Frequently Asked Questions

Common clinical questions about NEMLUVIO vs AGRYLIN, answered by our medical review team.

1. What is the main difference between NEMLUVIO and AGRYLIN?

NEMLUVIO is a Antineoplastic Agent that works by Nemolizumab is a humanized monoclonal antibody that binds to the interleukin-31 receptor alpha (IL-31RA), blocking IL-31 signaling. IL-31 is a cytokine involved in pruritus, inflammation, and barrier dysfunction in atopic dermatitis and other conditions.. AGRYLIN is a Antineoplastic Agent that works by Agrylin (anagrelide) inhibits cyclic nucleotide phosphodiesterase III (PDE3) and reduces platelet production by interfering with megakaryocyte maturation and proliferation, likely via inhibition of cyclic AMP phosphodiesterase and modulation of intracellular calcium levels.. They differ in pharmacokinetic profiles, FDA-approved indications, and side effect profiles.

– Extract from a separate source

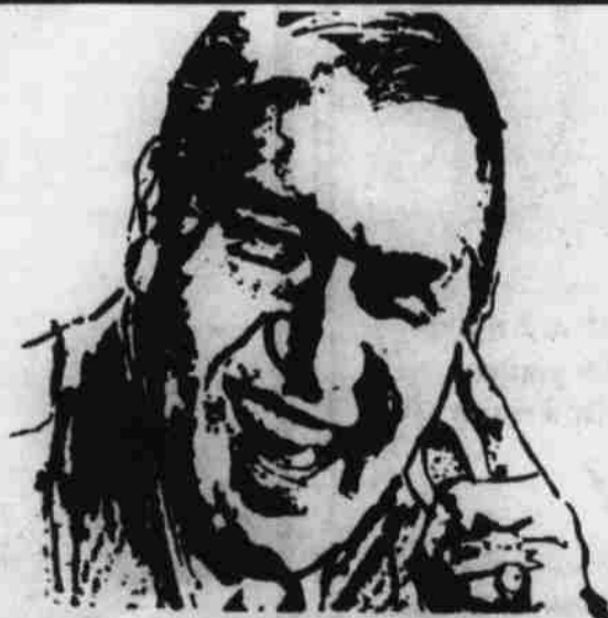
HENNY YOUNGMAN ...Man of Many Talents.

The candidate was asked, "What do you think of the abortion bill?" He replied, "I paid that doctor."

2. Which is stronger: NEMLUVIO or AGRYLIN?

Potency comparisons between NEMLUVIO and AGRYLIN depend on the specific clinical indication. These are both Antineoplastic Agent agents and are not directly interchangeable by dose. A physician or clinical pharmacist should guide any therapeutic switching decisions.

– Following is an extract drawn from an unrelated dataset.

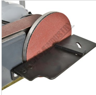
Adjustable Mitre Table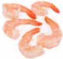
Prawns Cooked&Peeled 31/40 Weight/Quantity 450g Price Unit: UNIT Price €4.75 CODE: 76040

3. What is the standard dosing for NEMLUVIO vs AGRYLIN?

The standard adult dose of NEMLUVIO is: 2 mg orally once daily.. The standard adult dose of AGRYLIN is: Adults: 0.5 mg orally once or twice daily, increased by 0.5 mg every 2 weeks to maintain platelet count <600,000/µL. Maximum dose: 10 mg/day.. Dosing should always be individualized based on indication, renal and hepatic function, age, and other patient factors.

4. Can you take NEMLUVIO and AGRYLIN together?

No direct drug-drug interaction has been formally documented between NEMLUVIO and AGRYLIN in current clinical databases. However, individual patient risk factors including other medications, organ function, and comorbidities should always be evaluated by a qualified healthcare provider.

5. Are NEMLUVIO and AGRYLIN safe during pregnancy?

The maternal-fetal safety profiles differ. NEMLUVIO is classified as Category C. NEMLUVIO (narlaprevir) is contraindicated in pregnancy due to observed fetal toxicity in animal studies. In rats and rabbits, maternal exposure at 0.2–0.5 times the human exposure . AGRYLIN is classified as Category C. Pregnancy Category C. Anagrelide is not recommended in pregnancy. Animal studies have shown embryotoxicity and teratogenicity (e.g., increased fetal resorptions, skeletal anomalies. Always consult a maternal-fetal medicine specialist before taking either drug during pregnancy or lactation.